Construction from the ground up is probably cheaper, Brehman said, "but saving these buildings is more palatable to the community."
Market is changing
With reBuild partners Tom Harvey and Mac Brand, he has years of experience doing $1 million "Main Line flips."
In 2011, Harvey and Brehman joined Brand, noting "the trend away from gargantuan houses on the Main Line," and did the Villas at Redleaf in Wynnewood — 30-year-old refurbished condos in a former mansion.
"Because of Redleaf, we saw the growing market of downsizing boomers for high-end condos," Brehman said.
One thing that worked well in the Narberth project, he said, was excavating a stairwell on the side of the church to obtain access to the lowest level, so the required parking could go under the condo units.
The First Baptist site offers a similar opportunity for below-unit parking, he said.
Two years ago, developer Andy Thomas didn't have it that easy.
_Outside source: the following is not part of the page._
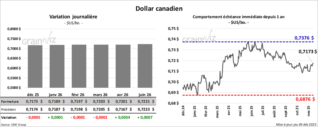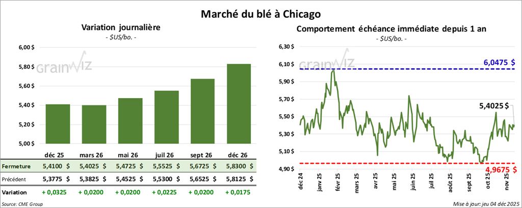 À Chicago, le contrat de blé décembre 25 a clôturé à 5,4100 $ (+ 3 ¼ cents). Celui mars 26 a fermé à 5,4025 $ (+ 2 cents). Celui mai 26 a terminé à 5,4725 $ (+ 2 cents).

When he turned a long-closed church and its rectory into a single-family home, townhouses and rental apartments, Thomas said, he had to dig the footings for the required underground parking by hand, which caused significant delays. His buyers were paying in the upper $500,000s, adding $100,000 in upgrades to the base price, Thomas said.
Sale and eventual reuse of religious properties does not necessarily mean all congregations have to vacate. At another site, for instance, Weinstein will build 20 condos but lease the sanctuary back to the church members.
Brokering sales of spiritual institutions is very different from the rest of his business, Duffy said:
"I tell people I have the greatest client ever — God."